In what way did your experience at The Department of Visual Arts at Western impact you & your career path?

I have fumbled through a career. I followed hunches and nudges form a series of mentors rather than any direct path. In my undergrad, my poetry Prof Branko Gorjup suggested I get to know my Italian heritage and what started as a volunteer gig at the Italian Cultural Institute in Toronto turned into a 5 year job. My first show out of undergrad was with Symbiosis Collective, and the idea of creating a site-specific group exhibition with a whole bunch of people ground up was illuminating. I also lucked upon a gallerist, Fabrice Marcolin, and my work went to Berlin and New York but it didn’t give me the high that I got out of doing things on the street. I was part of the Toronto based hoity toity writers group and started making zines and that turned into a 5 year commitment to Kiss Machine, a biannual project that featured visual art, writing and performance at places like YYZ, Lee’s Palace, Forest City, Ivey Series Reading Lounge, and as far away as Eastern Europe. Along the way I took a summer class with Joanne Todd in Barrie. I was brooding on the beach, because I wanted to write better, and she soon after suggested I look into Western for my MFA. My experience at Western provided a legitimization for this flaneurie, and my art practice found a place amongst my work.

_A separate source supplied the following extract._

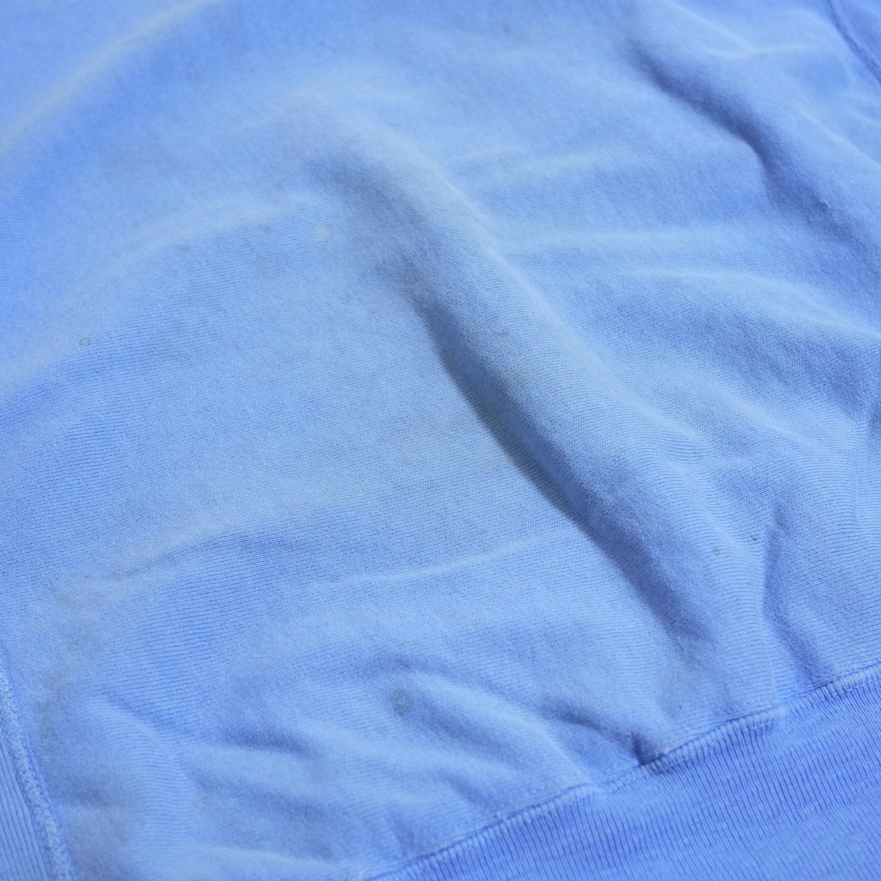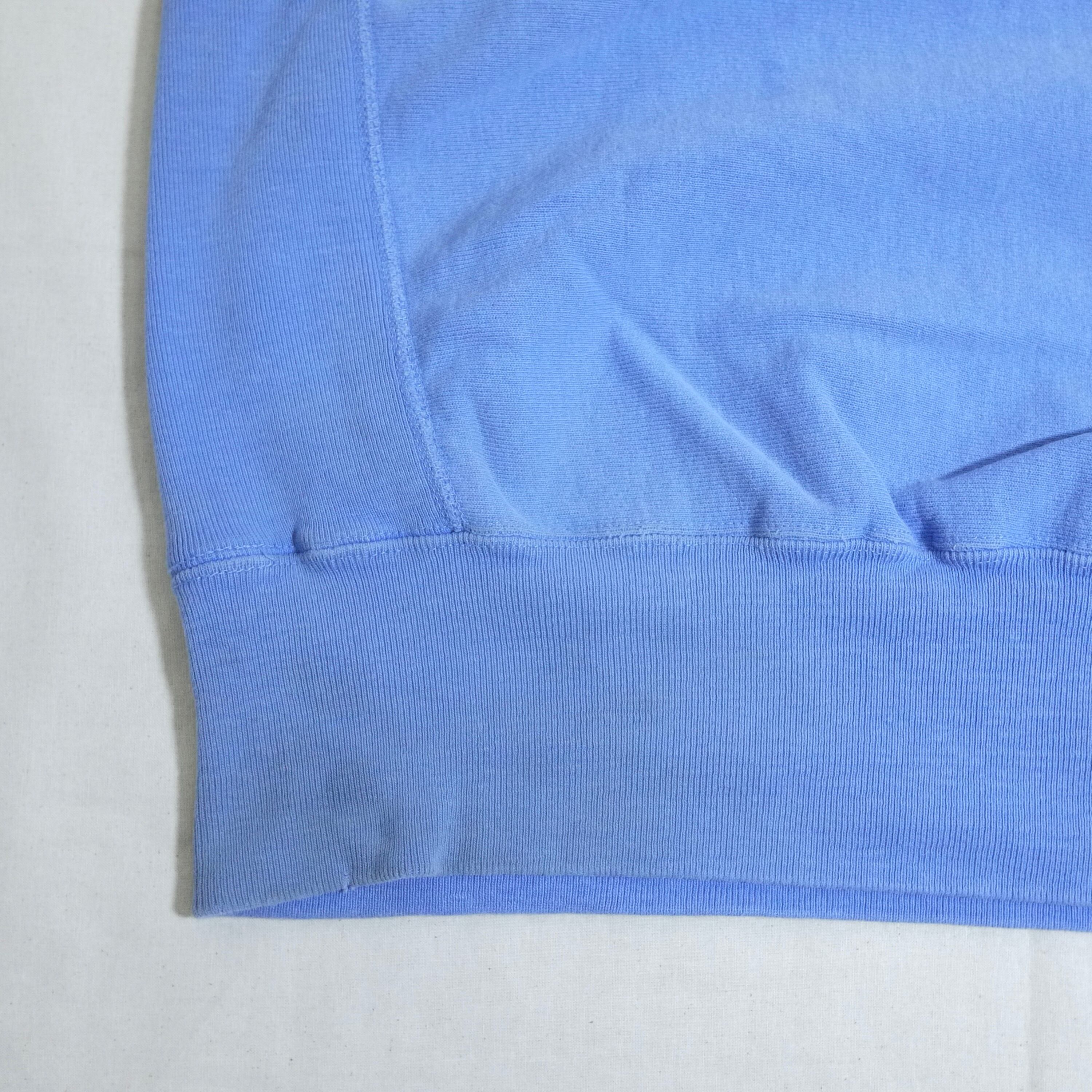 落ち着いたブルーカラーのボディに胸にロゴの刺繍がデザインされたREVERSE WEAVE。

How have you been contributing to your community following your experience at Western?

My work shifts between DIY (do it yourself) and institutional-based practices. With both, I’m interested in the representations of collaborative productions where visual constructions are rigorous narratives, exercising multiple points of view. I’m currently Manager of Adult Learning and Residency Programs at the Art Gallery of Ontario where, for the past four years, I’ve led the Gallery School adult studio programs, public programs ranging from discursive to performance and nuit blanche, and the artist-in-residence program. Most recent Toronto area artists in the residency program include Meera Margaret Singh, Jerome Havre, Public Studio, Walter Scott and Will Kwan. A publication that surveys the first five years of the residency program is forthcoming in 2017. I have also held positions at the City of Mississauga’s Culture Division as Supervisor of Events (2008-12) leading special projects, Doors Open and Rebel Arts Week; and at Design Exchange (DX), as Senior Director of Programs (2000-8), focusing on sustainability, social responsibility and innovation. I joined DX right after Western, and there I provided creative direction on projects such as digifest (2002-8), Universal Design Professional Development Series (2005-8) and exhibitions such as Chinese Design. Everyday (curator Wendy Wong, 2008) and Fringe Benefits: Cosmopolitan Dynamics of a Multicultural City (curator Ian Chodikoff 2008). I am also artist coordinator of art/lit projects Kiss Machine (started with Emily Pohl-Weary while I was at Western, 2000-5), Inflatable Museum (2001), Girls and Guns (2004), and Boredom Fighters! (2008). I have led two recent durational group art interventions in Toronto’s public spaces: Tel-talk: art interventions in telephone booths (2012) and Oh Dear: public art that unhinges North York’s sense of modesty (2013). I am nearing the completion of a five-year art-making collaboration with my twin daughters entitled StudioPeePee (2012-17), and I’m currently working towards Ghosts of Monsters (2018), a photographic series capturing the rapid transformation of North York’s housing stock and neighbourhoods. I am also currently enrolled in the International Program in Visual Arts Management jointly offered by New York University and Deusto University/Guggenheim Bilbao.

Can you think back and share a memorable moment from your time here at Visual Arts?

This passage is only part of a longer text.